I think wherever I am, most of the time I'm not very busy and involved in my current task. I even think a lot during movies -- I have trouble focusing on them. Sometimes this even leads to a lot of anxiety if what I'm thinking about it is difficult or uncomfortable stuff.


----------



## Surreal Breakfast (Oct 24, 2008)

I do my best thinking in sanatoriums with a good book and a jar of crabs.


----------



## Themis_ (Aug 25, 2011)

everywhere, i zone out a lot


----------



## faocha (Dec 11, 2010)

I think constantly though it's rarely profound stuff. My best ideas usually come to me while I'm in a comfy spot which usually means in bed right before I fall asleep. Which I tend to forget when I wake up in the morning...


----------



## darude11 (Jul 6, 2011)

After my last post I realised - I really tend to draw back from society to think. All by myself. In dark room, sitting or lying. It's 5ish habit. I withdraw from society, but I want to have acces to it always when I need.


----------



## Coldspot (Nov 7, 2011)

In my head. That being said, I do my thinking anytime I either am interested in something, solving something, or just letting my brain do its own thing (something I try to avoid doing).

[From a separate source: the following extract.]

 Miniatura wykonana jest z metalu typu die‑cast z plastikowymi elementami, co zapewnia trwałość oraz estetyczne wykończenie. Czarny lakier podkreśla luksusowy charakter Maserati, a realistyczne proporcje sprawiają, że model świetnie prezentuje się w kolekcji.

There is no place where I can't think.


----------



## Noliah (Dec 8, 2011)

Sometimes I feel as if I do a lot of thinking in my sleep because I'll often wake up with the answer to a problem right there in front of me, so to speak. Other than that, it doesn't matter what my environment is, I usually do my "best" thinking when I'm alone and doing nothing or just doing mundane and routine tasks.


----------



## Naama (Dec 5, 2010)

Pretty much all the time whwn im not talking, place or time is irrelevant


----------



## Michael82 (Dec 13, 2010)

I think everywhere every time being a strong INFP.


----------



## SwingAndMiss (Dec 23, 2011)

> Where do you do all your thinking?


my ass



aside: wtf is with the 10 character minimum.


----------



## Mav (Dec 19, 2010)

Usually when I am sitting on the John.


----------



## Abx (Oct 5, 2011)

My mind always working, non stop thinking. 
Everywhere...


----------



## grayjay103 (Dec 25, 2011)

Well, that's certainly a general topic title....but my 'best ideas' come either in the shower, while I'm walking around town listening to music, and when I suddenly wake up at 3am in the morning and write a song I'm super satisfied with.


----------



## SwingAndMiss (Dec 23, 2011)

grayjay103 said:


> Well, that's certainly a general topic title....but my 'best ideas' come either in the shower, while I'm walking around town listening to music, and when I suddenly wake up at 3am in the morning and write a song I'm super satisfied with.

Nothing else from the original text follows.